Exercise inputs Start Marker

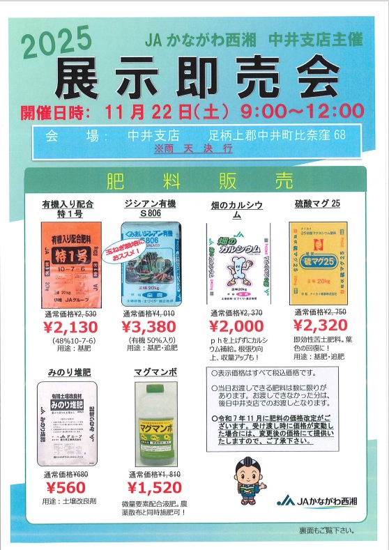 11月22日(土)に中井支店で展示即売会を開催します。肥料・除草剤・マルチを即売会価格で販売します。また、JAねっとショップ特設ブースを開設。ねっとショップへの登録をお手伝いをします!
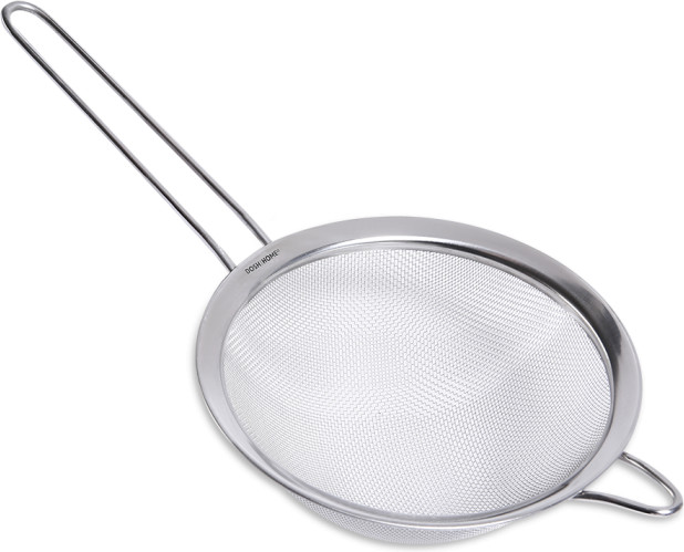 Отличное сито. Крепкое. Сама сетка до этого у меня была помельче, в этом она крупнее, но не критично. Брала для процеживания бульонов.
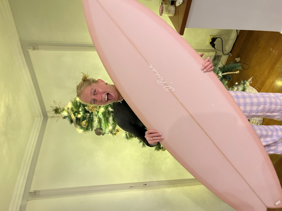 An indoor scene features a light-skinned female with blonde hair pulled back, standing centrally while holding a large, light pink surfboard horizontally across her body
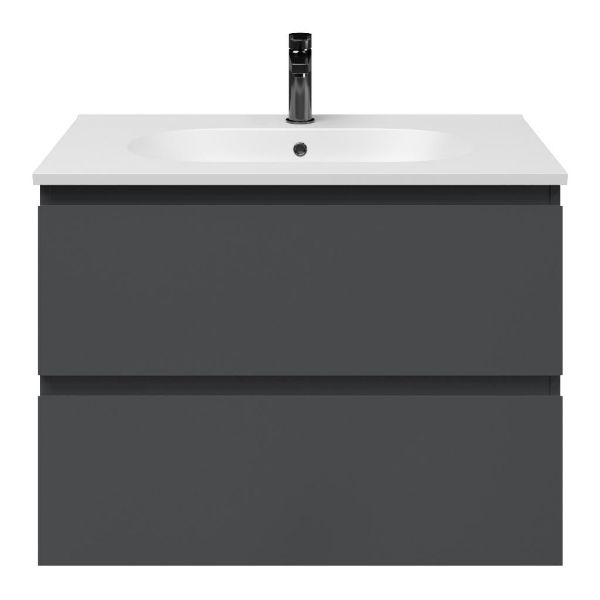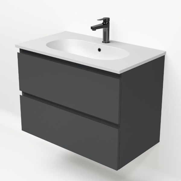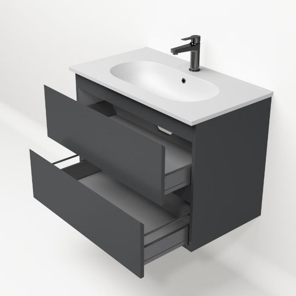 Bellanti Gisella/Como badmeubel 80x46 2 softclose laden antraciet mat greeploos keramische wastafel mat wit met 1 kraangat
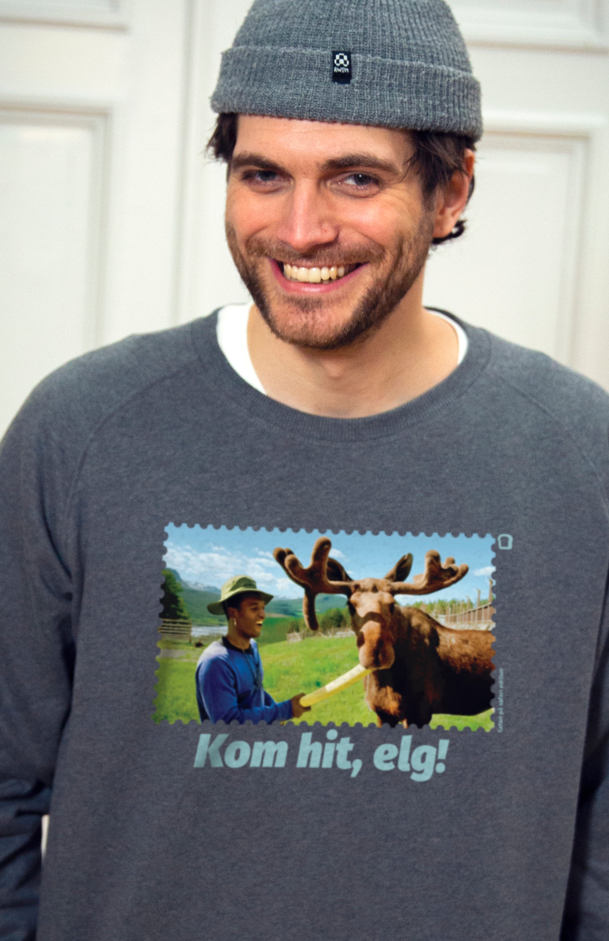 Unisex Sweatshirt Grå - Kom hit, Elg!
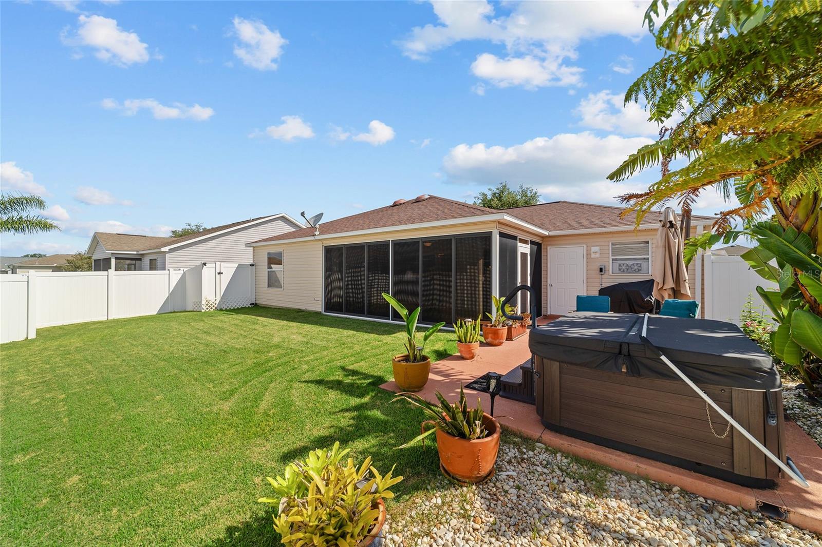 Localização excepcional na vila de Hemingway! Este modelo Austin 2/2 bem mantido é de 1.142 pés quadrados de vida confortável. Aproveite o seu SF Lanai 12x14 fechado, mais 12x24 pátio ao ar livre com banheira de hidromassagem de 3 pessoas e um gracioso cercado em quintal para maior privacidade ou espaço para o seu animal de estimação da família. Luminárias atualizadas. Novo HVAC em julho de 2025. Aparelhos de aço inoxidável. Sem pipoca, sem tapete, atravessando por toda parte. Gradeira/ passarela decorativa. Pátio paisagístico. A garagem tem muito espaço para um carro e carrinho de golfe, escadas no sótão. Telhado 2015. Fechamento rápido, se desejar. Esta casa está idealmente situada perto de compras, restaurantes, piscinas, centros de recreação e vários campos de golfe. Apenas um curto passeio de carrinho de golfe até Lake Sumter Landing e Brownwood Paddock Square. Não perca essa oportunidade de possuir em uma das áreas mais desejáveis das aldeias! Ligue hoje para sua exibição particular.
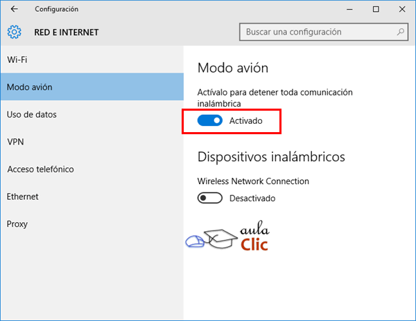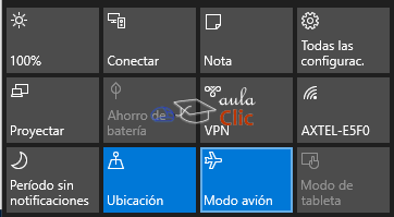 El Modo avión es un concepto recurrente en dispositivos móviles. Como se sabe, un protocolo de seguridad mundialmente utilizado es desactivar las comunicaciones inalámbricas de cualquier dispositivo cuando los aviones aterrizan y/o despegan para evitar que éstas interfieran con sus sistemas de navegación y de ese modo evitar accidentes. Por ello, en un principio, se les solicitaba a los pasajeros apagar sus dispositivos para evitar esas comunicaciones, hasta que en ellos fue incorporado el llamado Modo avión, para que no sea necesario apagarlos. En Windows 10 podemos poner nuestro dispositivo en Modo avión de dos modos: pulsando un botón en el Centro de actividades, lo que apagará la conexión inalámbrica.
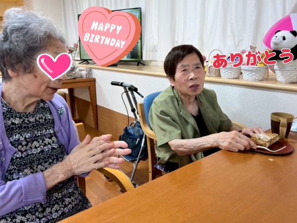 オヤツにはバースデーケーキをご用意させて頂きました。お仲間からの祝福を受け、照れながらも嬉しいひととき。
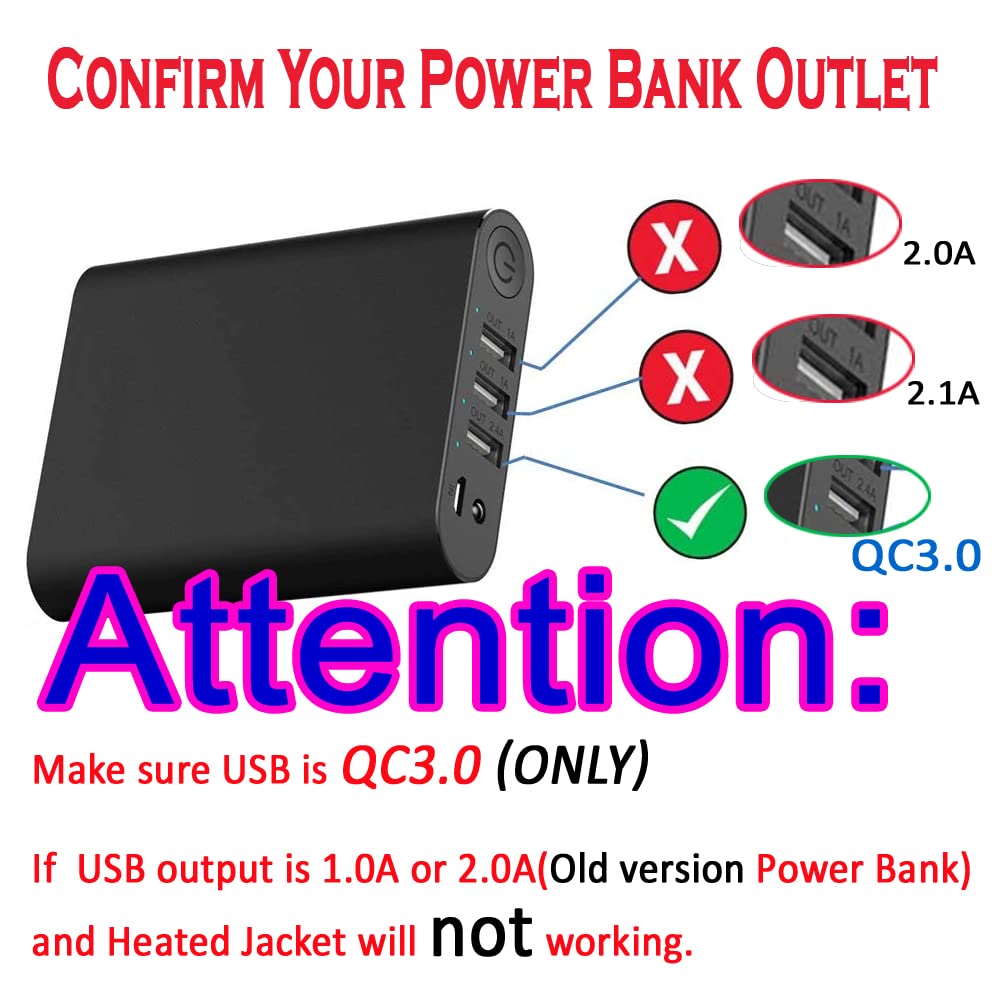 Q: How do I ensure my power bank works with the heated jacket?A: To ensure compatibility, make sure your power bank is a QC3.0 model. If your power bank was made before 2018 and has a USB outlet of 1.0A or 2.0A, it will not be able to power the heated jacket.
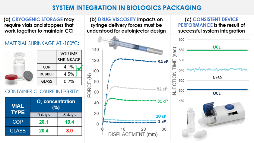 Figure 2 shows several examples of when full system integration needs to be considered in biologics packaging. Most gene and cell therapies will initially go to market packaged in vials which are cryogenically stored at either -80ºC or -180ºC until delivery to the patient. Under these harsh storage conditions, polymer materials such as halobutyl elastomers used in vial stoppers will experience volume shrinkage in accordance with the material's coefficient of thermal expansion (CTE). As seen in Fig. 4a, the volume shrinkage is similar for rubber stoppers and for cyclic olefin polymer vials (approximately 4.5% and 4.1% respectively in transition from room temperature to -180ºC.). Glass however shows little volume shrinkage. The mismatch in CTE's for rubber and glass presents a higher risk for container closure integrity breaches during cooling, storage, and warming as compared to the combination of rubber and COP. This has previously been observed experimentally through oxygen headspace analysis and is summarized in Fig. 2a. Even in the simplest case of vial containment, it is critical to understand how the components of a packaging system work together and it is helpful if a packaging supplier can provide data packages to evidence the performance of the integrated system.
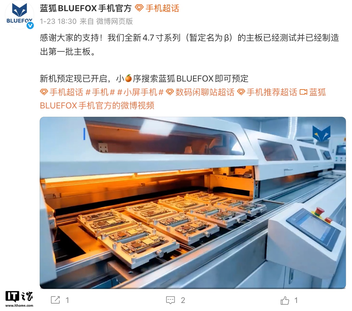 IT之家 1 月 27 日消息,制造商蓝狐披露旗下“蓝狐 β(代号名)”的 4.7 英寸迷你手机首批主板已制造完成,该机将于今年 6 月上市。
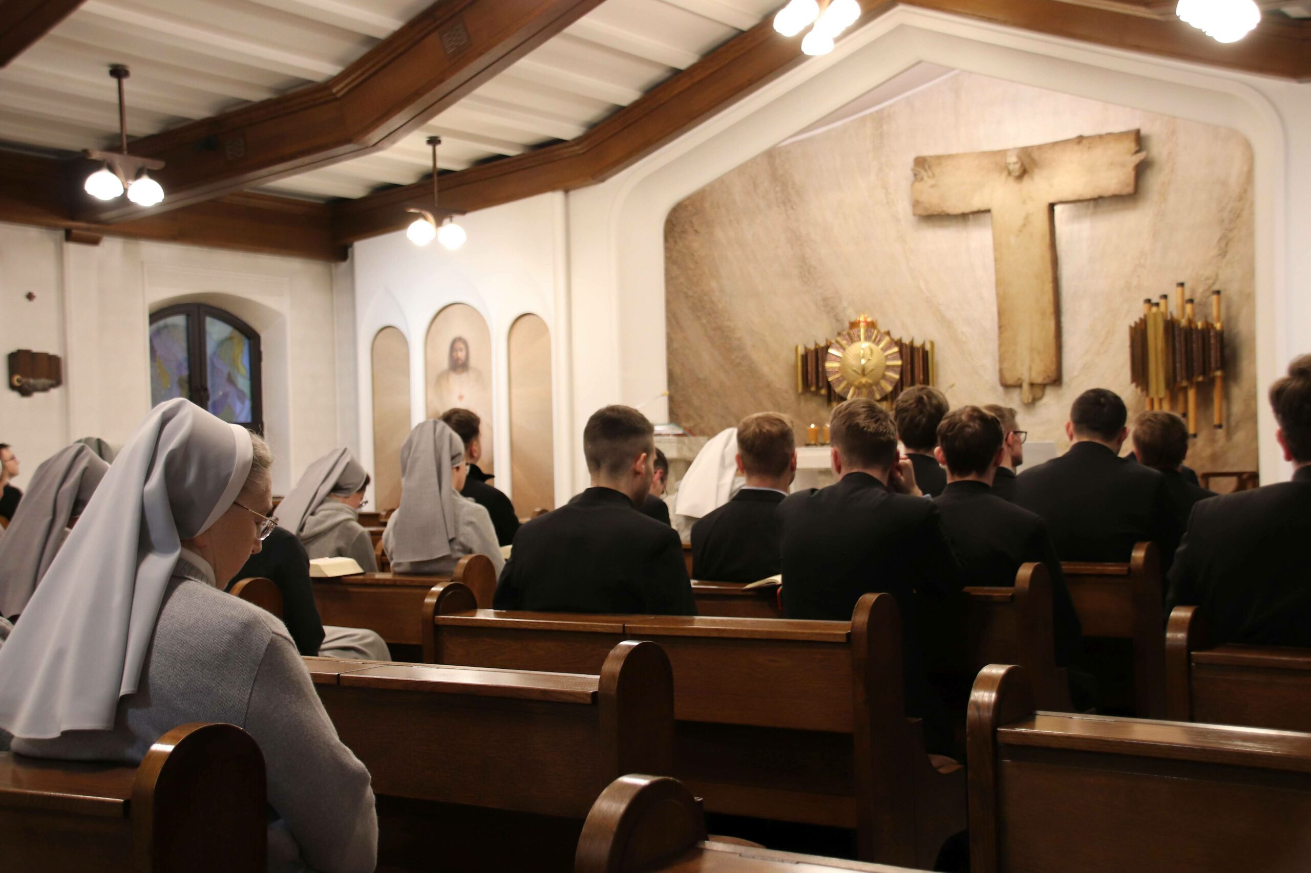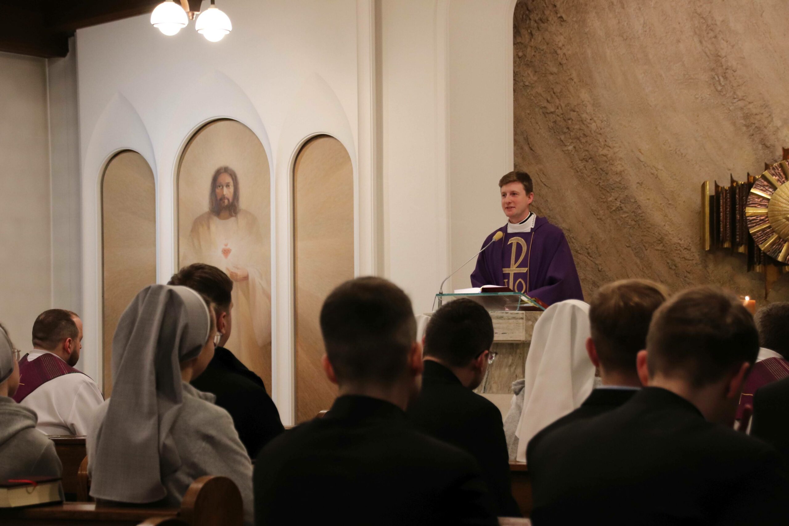 W pierwszy poniedziałek Wielkiego Postu udaliśmy się całą naszą seminaryjną wspólnotą do Domu Głównego Sióstr Misjonarek Chrystusa Króla dla Polonii Zagranicznej na poznańskim Morasku. Koncelebrowanej Eucharystii w klasztornej kaplicy przewodniczył ksiądz prefekt Paweł Białczyk, który wygłosił także homilię. Zwracał w niej uwagę między innymi na to, iż na drodze do Nieba nie możemy iść w pojedynkę, ale we wspólnocie. W czasie wspólnej modlitwy księża przełożeni składali Najświętszą Ofiarę w intencji zgromadzenia zakonnego Sióstr Misjonarek Chrystusa Króla oraz rychłej beatyfikacji Czcigodnego Sługi Bożego o. Igancego Posadzego SChr.
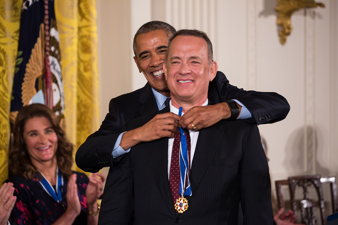 Ο πρόεδρος των Η.Π.Α Barack Obama βραβεύει τον ηθοποιό Τom Hanks με το Προεδρικό Μετάλλιο της Ελευθερίας. (Presidential Medal of Freedom). Photo by Cheriss May/NurPhoto via Getty Images
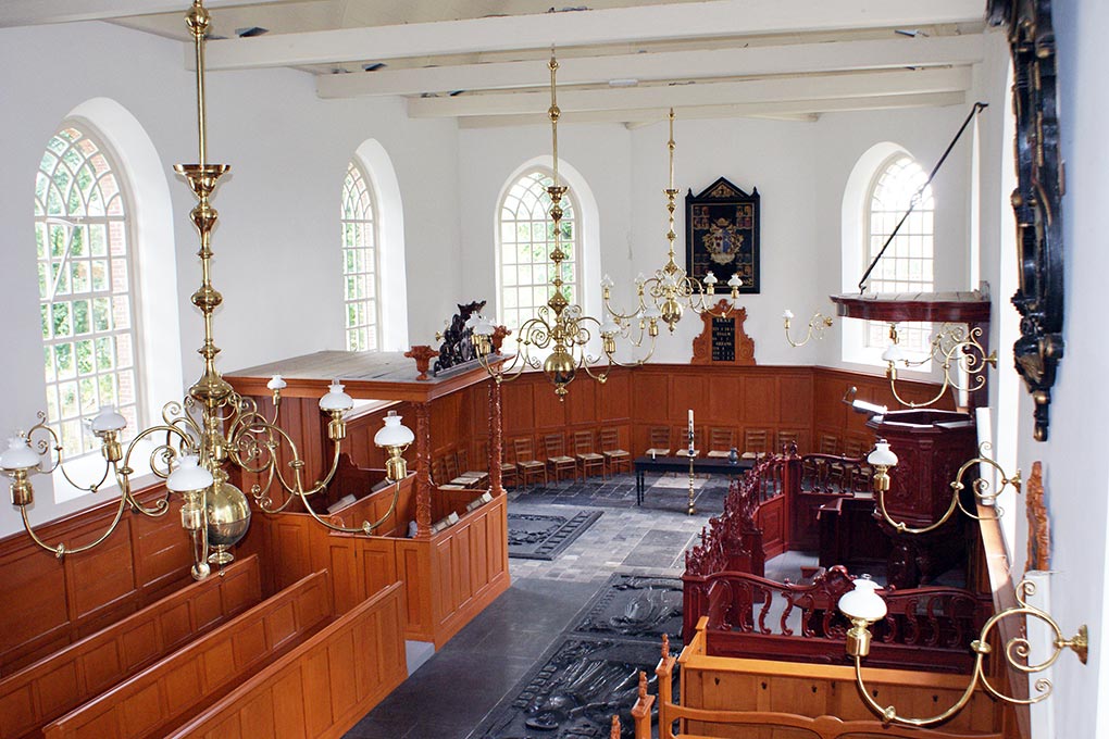 van de schilderende burgemeester Hanso Moll en diens broer Pieter Moll - in de kerk. De huidige centraal gerichte inrichting kwam in 1872 tot stand
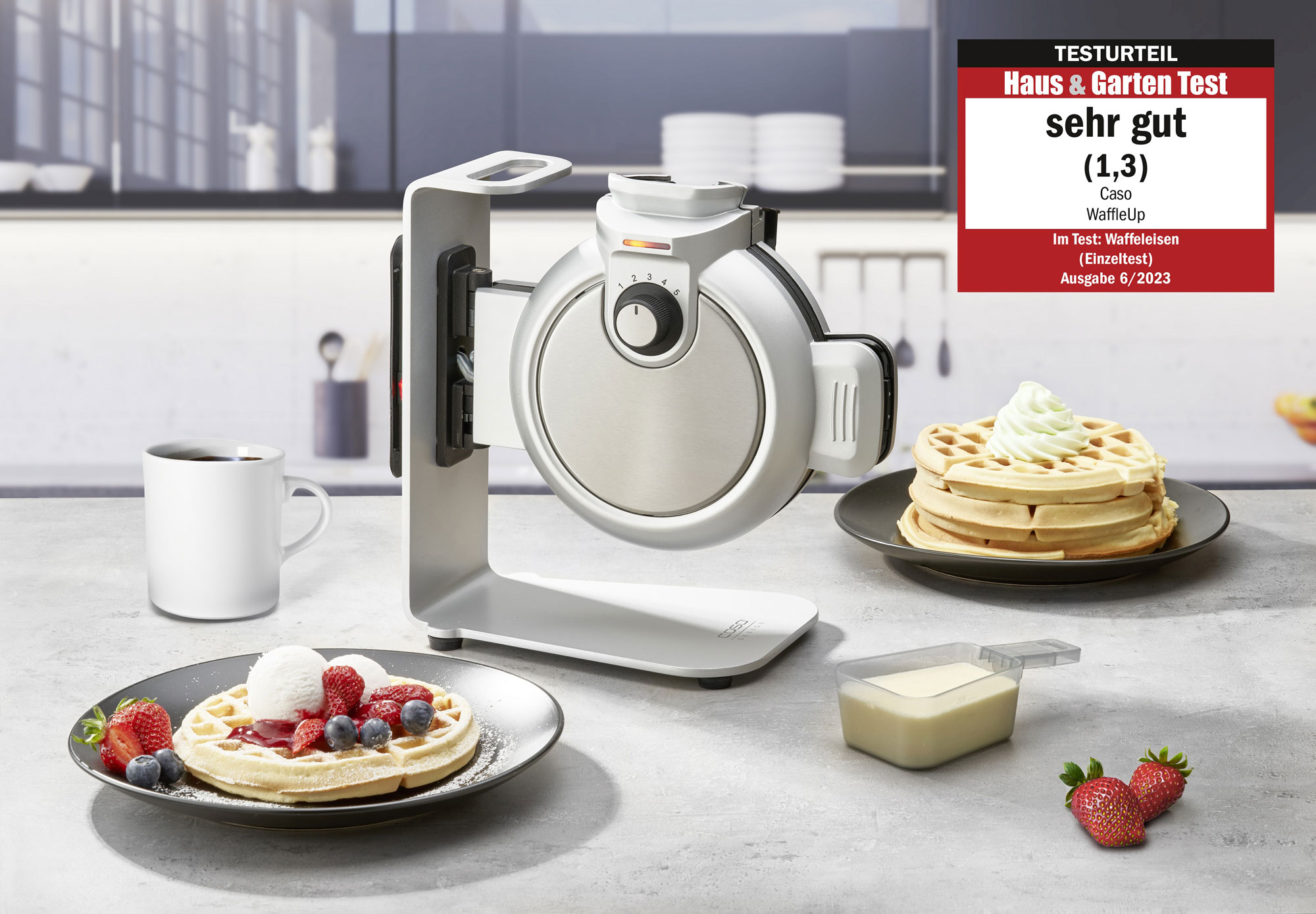 Ob hell, fluffig, goldbraun oder knusprig – das Waffeleisen WaffleUp von Caso Design macht einfach Spaß. Anders als herkömmliche Waffeleisen bietet das WaffleUp ein vertikales Backsystem, mit dem sich perfekt Waffeln belgischer Art herstellen lassen.

Exercise inputs End Marker

Working from the records above, set down word for word everything from the line containing "オヤツにはバースデーケーキを" down to the line containing "Q: How do I", ends included, minus the pictures.

(Expected answer):
 オヤツにはバースデーケーキをご用意させて頂きました。お仲間からの祝福を受け、照れながらも嬉しいひととき。
 Q: How do I ensure my power bank works with the heated jacket?A: To ensure compatibility, make sure your power bank is a QC3.0 model. If your power bank was made before 2018 and has a USB outlet of 1.0A or 2.0A, it will not be able to power the heated jacket.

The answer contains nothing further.